→ **Source information**:
▬▬▬▬▬▬▬▬▬▬
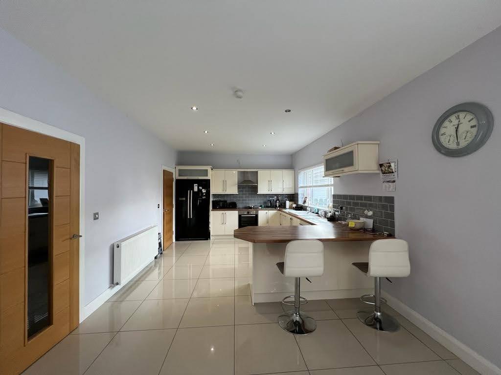 9.25m x 3.68m (30'4" x 12'1") - Having excellent range of eye and low level units, tiling between units, hob, underoven, stainless steel extractor hood, integrated dishwasher, space for fridge / freezer, breakfast bar, recessed lighting, tiled floor, ample dining space with sliding patio doors leading to rear lawn.
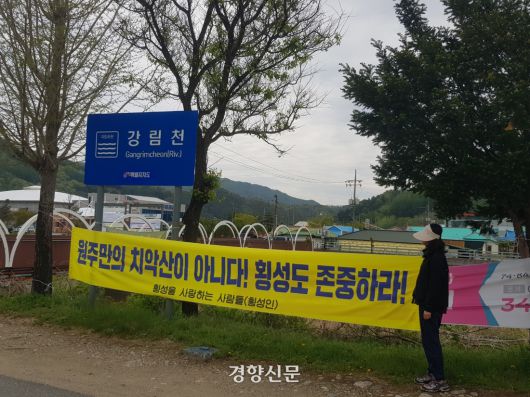 지난 25일 오전 강원 횡성군 강림면 행정복지센터 앞. 이곳에서 만난 한 60대 주민은 강림천 변에 내걸린 현수막을 가리키며 흥분을 감추지 못했다.
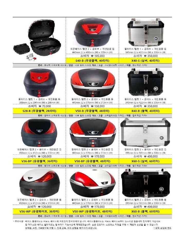 가격 : 28L 70,000원 , 36L 110,000원 , 40L 95,000원 , 50L무광 150,000원 , 50L유광 170,000원
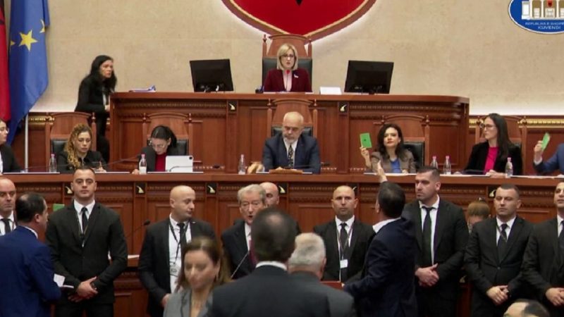Përplasje në kuvend për portin/ Opozita bllokon foltoren, ndërpritet seanca. Fjalimet “online”
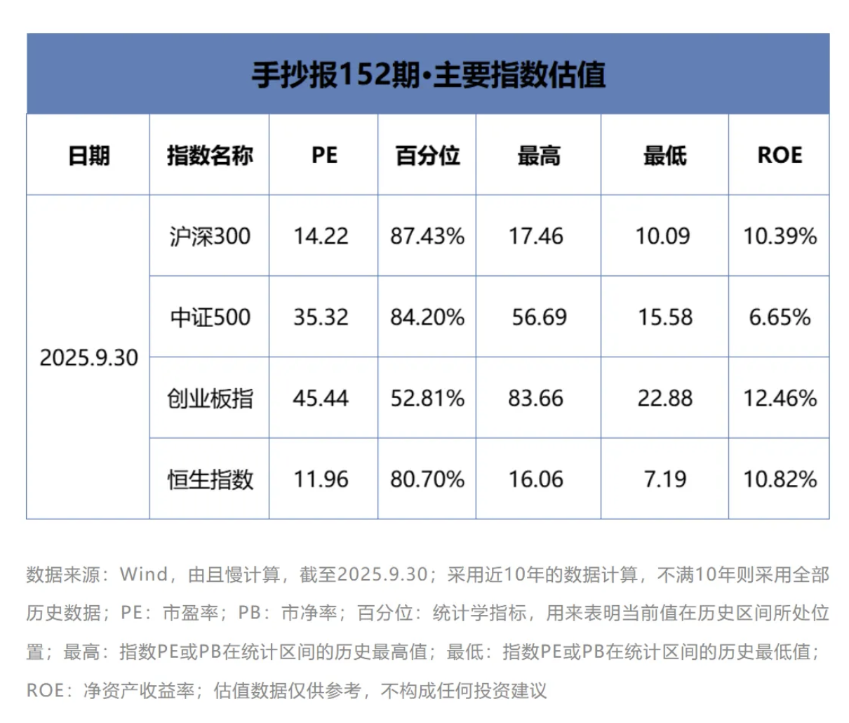 2、估值变化:与节前的一周相比,主要指数的估值继续升温,其中创业板指的10年期估值百分位突破50%,沪深300、中证500、恒生指数,更是突破了80%。
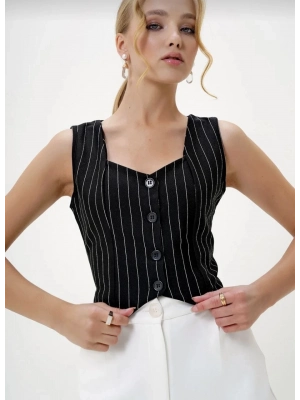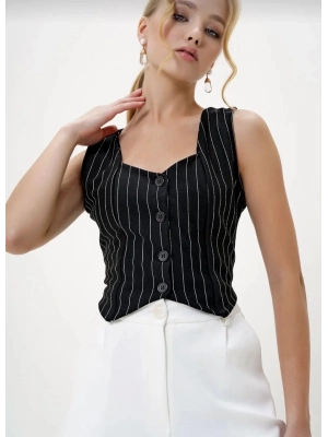 Çizgili Krep Düğmeli Yelek Siyah S3395
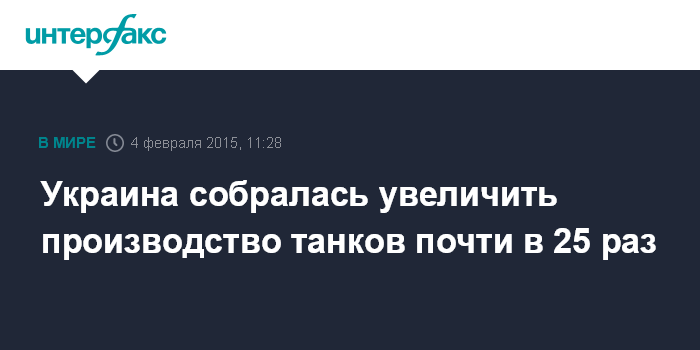 Москва. 4 февраля. INTERFAX.RU - Государственный концерн "Укроборонпром" планирует увеличить производство украинских танков почти в 25 раз - с 5 до 120 единиц ежегодно к 2016 году, заявил генеральный директор Концерна Роман Романов.
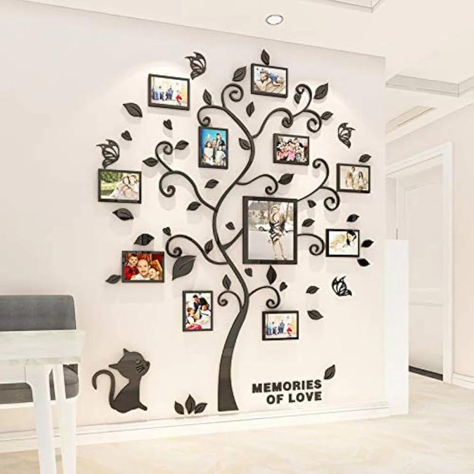 Dekor murali në formë peme me korniza për foto, perfekt për zbukurim shtëpie.
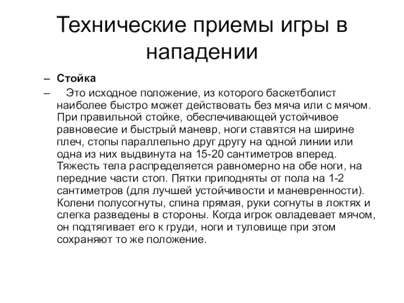 которого баскетболист наиболее быстро может действовать без мяча или с мячом. При правильной стойке, обеспечивающей устойчивое равновесие и быстрый маневр, ноги ставятся на ширине плеч, стопы параллельно друг другу на одной линии или одна из них выдвинута на 15-20 сантиметров вперед. Тяжесть тела распределяется равномерно на обе ноги, на передние части стоп. Пятки приподняты от пола на 1-2 сантиметров (для лучшей устойчивости и маневренности). Колени полусогнуты, спина прямая, руки согнуты в локтях и слегка разведены в стороны. Когда игрок овладевает мячом, он подтягивает его к груди, ноги и туловище при этом сохраняют то же положение.
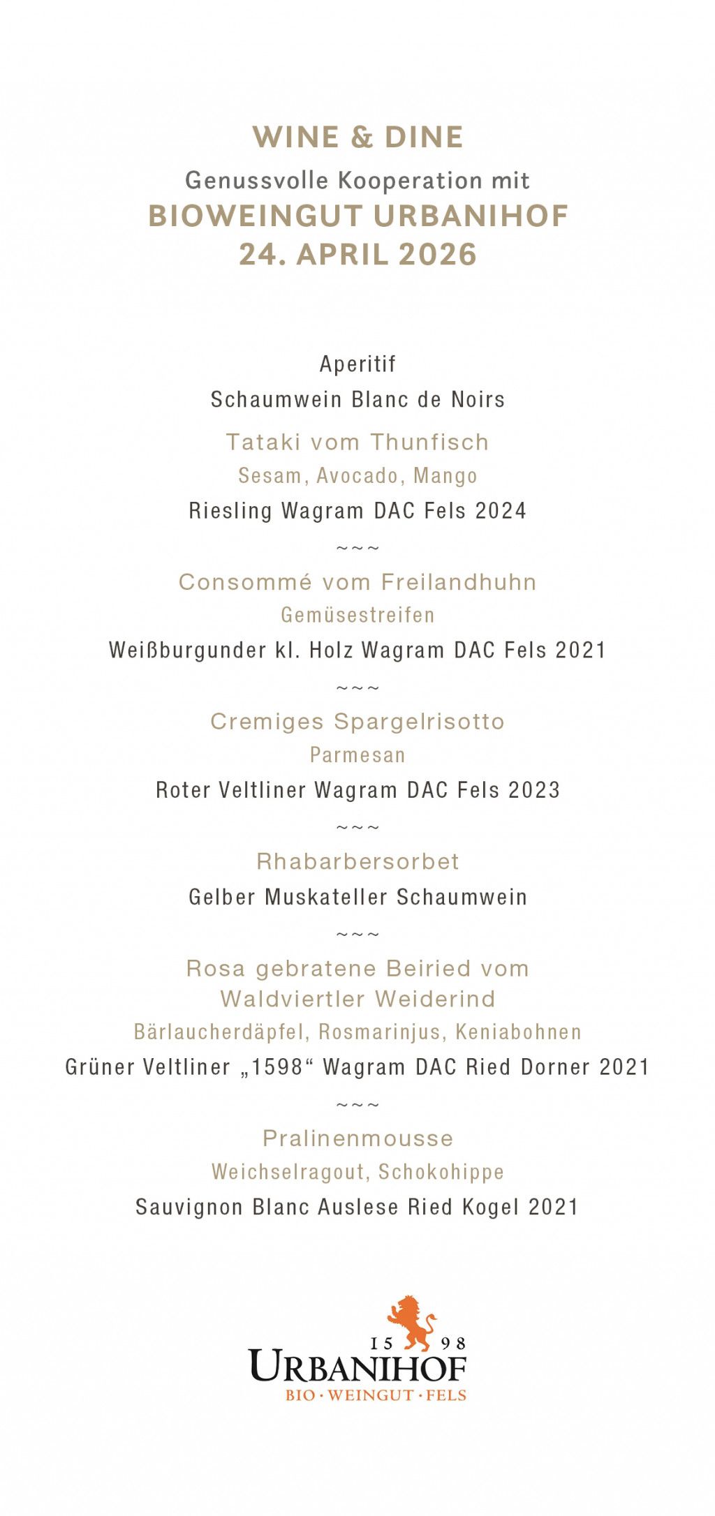 In Kooperation mit dem Bioweingut Urbanihof aus Fels am Wagram.
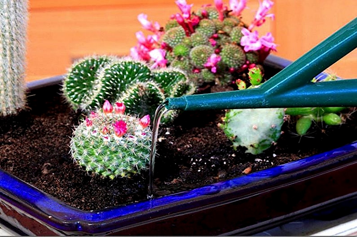 През лятото пустинните кактуси (ксерофити) и триъгълната мутра трябва да се поливат веднъж или два пъти седмично; през зимата един е достатъчен. По-добре е да направите това сутрин, така че до вечерта почвата да има време да изсъхне на дълбочина 2-3 сантиметра.
▬▬▬▬▬▬▬▬▬▬
Apart from the images, print all the material above exactly as given.

→ **Exercise response**:
 9.25m x 3.68m (30'4" x 12'1") - Having excellent range of eye and low level units, tiling between units, hob, underoven, stainless steel extractor hood, integrated dishwasher, space for fridge / freezer, breakfast bar, recessed lighting, tiled floor, ample dining space with sliding patio doors leading to rear lawn.
 지난 25일 오전 강원 횡성군 강림면 행정복지센터 앞. 이곳에서 만난 한 60대 주민은 강림천 변에 내걸린 현수막을 가리키며 흥분을 감추지 못했다.
 가격 : 28L 70,000원 , 36L 110,000원 , 40L 95,000원 , 50L무광 150,000원 , 50L유광 170,000원
Përplasje në kuvend për portin/ Opozita bllokon foltoren, ndërpritet seanca. Fjalimet “online”
 2、估值变化:与节前的一周相比,主要指数的估值继续升温,其中创业板指的10年期估值百分位突破50%,沪深300、中证500、恒生指数,更是突破了80%。
 Çizgili Krep Düğmeli Yelek Siyah S3395
 Москва. 4 февраля. INTERFAX.RU - Государственный концерн "Укроборонпром" планирует увеличить производство украинских танков почти в 25 раз - с 5 до 120 единиц ежегодно к 2016 году, заявил генеральный директор Концерна Роман Романов.
 Dekor murali në formë peme me korniza për foto, perfekt për zbukurim shtëpie.
 которого баскетболист наиболее быстро может действовать без мяча или с мячом. При правильной стойке, обеспечивающей устойчивое равновесие и быстрый маневр, ноги ставятся на ширине плеч, стопы параллельно друг другу на одной линии или одна из них выдвинута на 15-20 сантиметров вперед. Тяжесть тела распределяется равномерно на обе ноги, на передние части стоп. Пятки приподняты от пола на 1-2 сантиметров (для лучшей устойчивости и маневренности). Колени полусогнуты, спина прямая, руки согнуты в локтях и слегка разведены в стороны. Когда игрок овладевает мячом, он подтягивает его к груди, ноги и туловище при этом сохраняют то же положение.
 In Kooperation mit dem Bioweingut Urbanihof aus Fels am Wagram.
 През лятото пустинните кактуси (ксерофити) и триъгълната мутра трябва да се поливат веднъж или два пъти седмично; през зимата един е достатъчен. По-добре е да направите това сутрин, така че до вечерта почвата да има време да изсъхне на дълбочина 2-3 сантиметра.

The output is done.